How to save and restore a tf.estimator.Estimator m

2019-08-15 02:25发布

问题:

I started using Tensorflow recently and I try to get use to tf.estimator.Estimator objects. I would like to do something a priori quite natural: after having trained my classifier, i.e. an instance of tf.estimator.Estimator (with the train method), I would like to save it in a file (whatever the extension) and then reload it later to predict the labels for some new data. Since the official documentation recommends to use Estimator APIs, I guess something as important as that should be implemented and documented.

I saw on some other page that the method to do that is export_savedmodel (see the official documentation) but I simply don't understand the documentation. There is no explanation of how to use this method. What is the argument serving_input_fn? I never encountered it in the Creating Custom Estimators tutorial or in any of the tutorials that I read. By doing some googling, I discovered that around a year ago the estimators where defined using an other class (tf.contrib.learn.Estimator) and it looks like the tf.estimator.Estimator is reusing some of the previous APIs. But I don't find clear explanations in the documentation about it.
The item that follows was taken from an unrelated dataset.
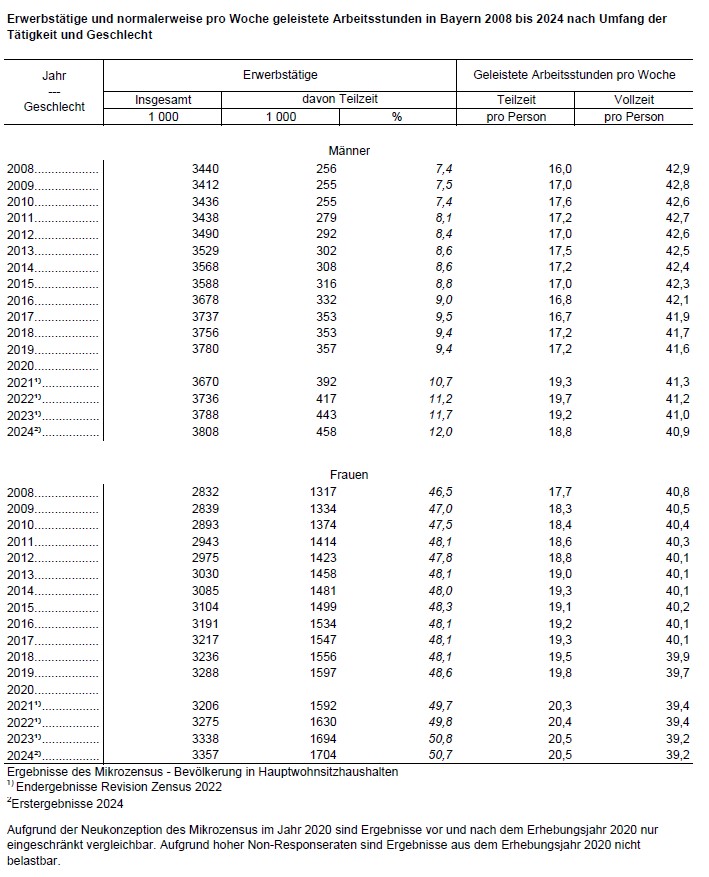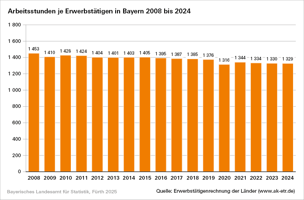 Seit 2008 ist die Zahl der bayerischen Erwerbstätigen von 6,7 Millionen auf 7,9 Millionen im Jahr 2024 gestiegen. Zugleich sinkt jedoch in den letzten Jahren die durchschnittliche Anzahl der Arbeitsstunden je Erwerbstätigen auf zuletzt 1 329 Stunden im Jahr 2024 oder durchschnittlich 25,6 Stunden pro Woche. Das sind 0,1 Prozent weniger als im Vorjahr. Damit ist die Jahresarbeitszeit pro Person weiterhin rückläufig. Grund hierfür ist vor allem die zunehmende Bedeutung von Teilzeitarbeit.
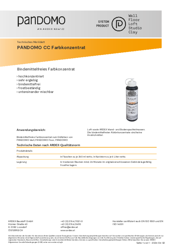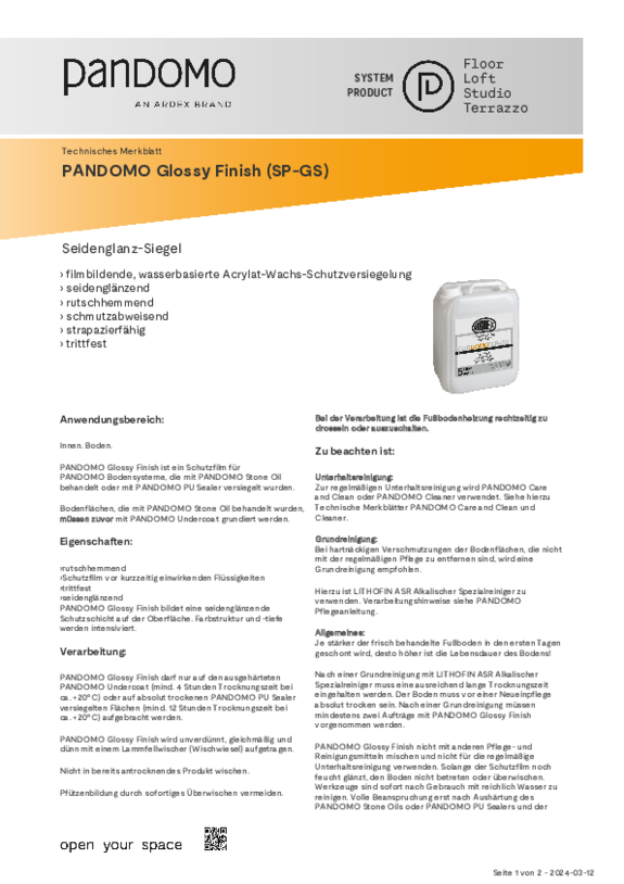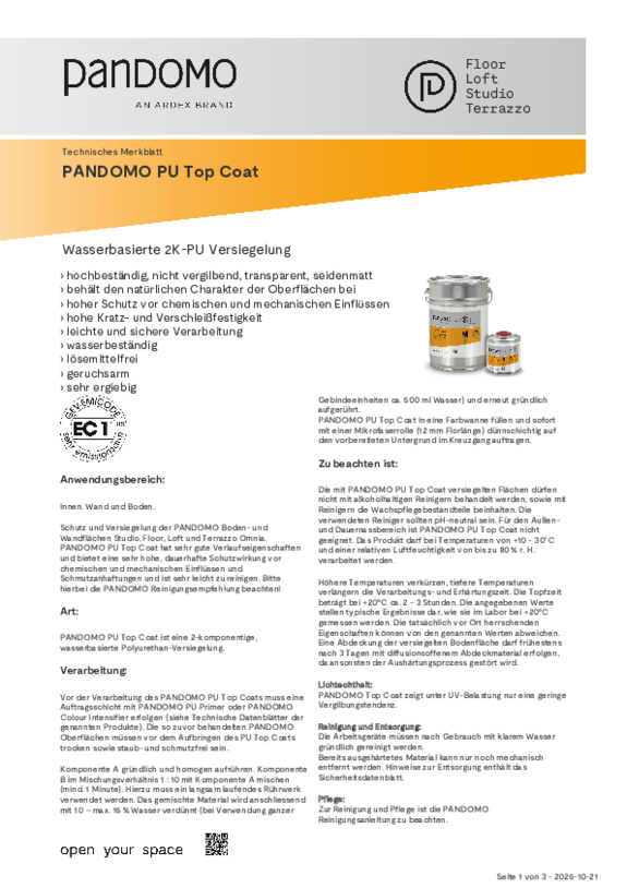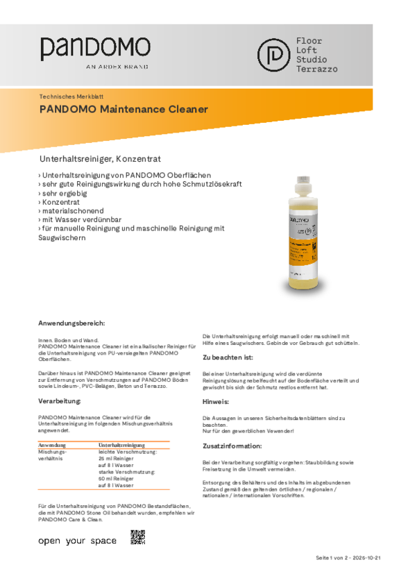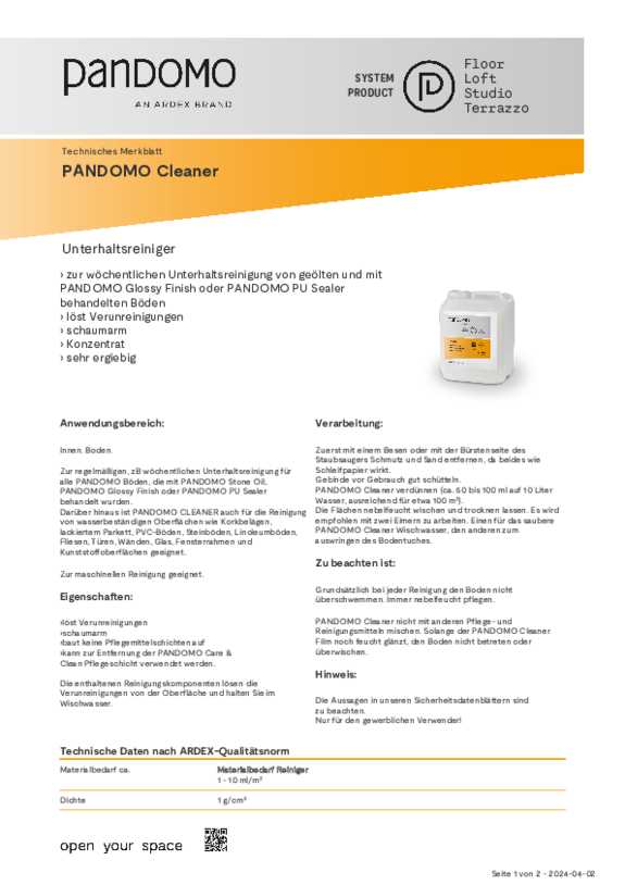 PANDOMO Oberflächen sind sehr widerstandsfähig und leicht zu reinigen. Eine Reinigung mit Neutralreinigern ist jederzeit möglich. Stehende Flüssigkeiten sollten sofort aufgenommen werden. PANDOMO bietet auch eigene Reinigungsprodukte an. Für detaillierte Informationen laden Sie unsere Reinigungsbroschüre herunter.

Could someone please give me a toy example? Or explain me how to define/find this serving_input_fn?

And then how would be load the trained classifier again?

Thank you for your help!

Edit: I discovered that one doesn't necessarily need to use export_savemodel to save the model. It is actually done automatically. Then if we define later a new estimator having the same model_dir argument, it will also automatically restore the previous estimator, as explained here.

回答1:

As you figured out, estimator automatically saves an restores the model for you during the training. export_savemodel might be useful if you want to deploy you model to the field (for example providing the best model for Tensorflow Serving).

Here is a simple example:

est.export_savedmodel(export_dir_base=FLAGS.export_dir, serving_input_receiver_fn=serving_input_fn)

def serving_input_fn(): inputs = {'features': tf.placeholder(tf.float32, [None, 128, 128, 3])} return tf.estimator.export.ServingInputReceiver(inputs, inputs)

Basically serving_input_fn is responsible for replacing dataset pipelines with a placeholder. In the deployment you can feed data to this placeholder as the input to your model for inference or prediction.